The type of AI we currently have is Narrow AI. I will with two posts try to explain what that means in practice for someone wishing to utilize deep learning.
Narrow AI for language
The state of AI right now is what we call narrow AI. Models trained on limited data in a small niche to solve one task. An example might be classifying sentiment on reviews of movies(Was the movie good or bad according to the reviewer). It would have been common a few years ago to only train a model to get a representation of words in only reviews of movies and then train a classifier on top.
That means if you did a project 1-3 years ago your model is most likely incredibly narrow. The old models had horrible accuracies on new data. Now we have transfer learning, where transformer models learns adaptable representations of words and sentences from a vast amount of text that could be blog posts, corporate documents, forums, news, books and research papers. This means that models generalize way better. The older way of doing things meant the models had no "knowledge" of the world outside your training data. So when real world data outside of your training data is processed by one of the old models chances are it will not work at all. Heres why:
Example sentiment classification of movies in movie reviews:
It was an amazing movie
It was a great movie
It was a terrible movie
It was a horrible movie
If your dataset do not contain all the words that are positive such as "great", "fantastic" the model has no idea that great and fantastic could make a text more positive. So most likely someone built a list from their imagination or tried to use statistics to extract the most common words from your data samples where the sentiment where positive. What if you do have the greatest list ever built? What about misspelt words? "terriibl" ? count similar letters and "terrific" means the opposite of terrible.
I really thought it was an amazing movie until i saw it and changed my mind
I really thought it was a terrible movie until i saw it and changed my mind
You have double negatives and other ways to that reverses the meaning of a sentence. You need to look at the whole text.

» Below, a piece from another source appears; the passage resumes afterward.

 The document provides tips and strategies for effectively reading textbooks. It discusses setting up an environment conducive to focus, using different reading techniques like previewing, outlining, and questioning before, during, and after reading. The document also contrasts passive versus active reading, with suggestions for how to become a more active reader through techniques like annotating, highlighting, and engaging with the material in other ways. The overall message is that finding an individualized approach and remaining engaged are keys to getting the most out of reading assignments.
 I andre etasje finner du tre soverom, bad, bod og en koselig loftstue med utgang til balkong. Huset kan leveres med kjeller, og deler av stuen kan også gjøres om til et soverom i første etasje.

The popcorn was very bad, it was one of my worst experiences ever. I would never eat that crap again. The movie was good though.
Judging the movie by the whole text does not work either.
This movie was shit
This movie was the shit
The same words could mean very different things in an almost identical setting. You need context to judge what a word means. So old methods like word2vec where you tried to compress synonyms into a vector space in order to be able to be free from lists of words did not really work either but being a great start for something new. To combat these problems people spent years building syntactical grammar parsers and huge lists of things. Never really getting there. Working somewhat well in a very limited domain and requiring PhDs to build these systems. There is a lot of products out there today claiming to be doing AI, but doing nothing but counting characters. There is no such thing as AI yet but the closest thing we have is Deep neural networks.
So how do we do it?
We use the latest architectures designed to combat these problems and have developed our own method for getting started really fast. We will not go in to details but we use our own custom transformer based model. Transformer models have taken the world by storm and is the main reason researchers surpassed the human baselines on the Super General Language Understanding Evaluation benchmark. We have a very efficient model that works right away. Together with our recommendation system we can solve most classification problems incredibly fast.

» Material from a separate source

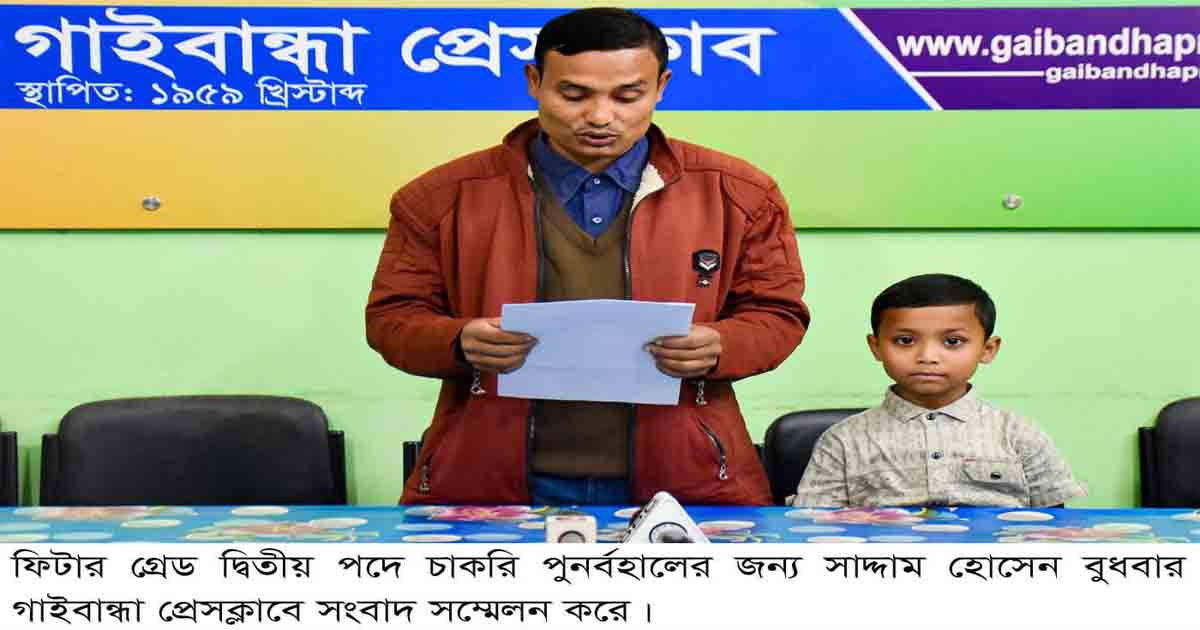 ফিটার গ্রেড দ্বিতীয় সাদ্দাম হোসেনকে চাকরিতে পুনর্বহালের জন্য বিভাগীয় রেলওয়ে ব্যবস্থাপক (লালমনিরহাট) নির্দেশ দিলেও এস.এস.এ.ই/আইসি/টিএক্সআর রায়হানুল ও ক্যারেজ অ্যান্ড ওয়াগন অফিসের উচ্চমান সহকারী আনোয়ার হোসেন তা অমান্য করছেন। ফলে সাদ্দাম হোসেন চাকরিতে যোগদান করতে না পেরে চরম আর্থিক সংকটে মানবেতর জীবনযাপন করছেন। গাইবান্ধা প্রেসক্লাবে বুধবার আয়োজিত এক সংবাদ সম্মেলনে এ তথ্য জানান ভুক্তভোগী সাদ্দাম হোসেন।

So what does it take to get here and further?
Models still benefit from "domain adaptation" where you continue training it specifically on legal documents for doing some legal task later on downstream. However one might think that a general enough dataset given that the model is truly capable could help solve "generability". One such Corpora is the pile with its 800GB of English texts from a very thought out mix of domains.
Can models benefit from knowing more languages? New words for different concepts with slightly different uses. While also being incredibly useful for a real world setting advances on multilingual language models could be a way forward.
How can we make these models more general besides showing it more robust data?
Larger and better Model architectures
The larger the model, the more parameters("storage", "space", "reasoning") capabilities it has and more generalization between these domains and tasks. I guess that this will further accelerate AI adoption as larger models becomes usable and methods such as retrievers where you can have a model "search" a known verified bank of facts or graphNNs that's making its way into Transformer models. More efficient models allows larger sizes. More performing architectures allows for better "understanding". Such as DeBerta from Microsoft thats currently on the top of the SuperGLUE leaderboards.
Better unsupervised and supervised training tasks might get the model to generalize better. Research into tasks such as Electra where models learns faster from new pretraining techniques such as guessing if every token in a sentence is replaced or not instead of guessing which token/word would be the best fit if you removed a word. More unsupervised tasks where models learns to "play" with data that is already easily available. I'm really looking forward to what might happen in these areas the coming years.
At Labelf we do our best to utilize all these things and thats why we are able to have a solution that works for over 100 languages.
The elephant in the room...
Training one system on various type of domains such as vision, language and audio is called multi-modal training. Training one model to understand a text might require "understanding" of visual or audio concepts, maybe even human sensory feedback such as touch and smell. Does it need to have feelings such as grief, anxiety and pain to fully understand our world? Even now, just reading random texts from the internet AI outperforms human baselines on reading comprehension and language understanding tasks.
Most models used in production and research is one domain(single-modal) only. While it is very possible that this vast quantity of language data contain different variants on how you can describe visual scenes such as "a pony on a green field", "one small horse on pasture" and later down the road when using the "knowledge" it might "know" that these are similar. If the model also could see and not only read I predict that the models would be more general and have a wider domain of "understanding". We are currently experimenting with this and so are others, this is incredibly interesting and some large scale experiments indicate that a vision model performs even better if you can incorporate a description of the image in language during training.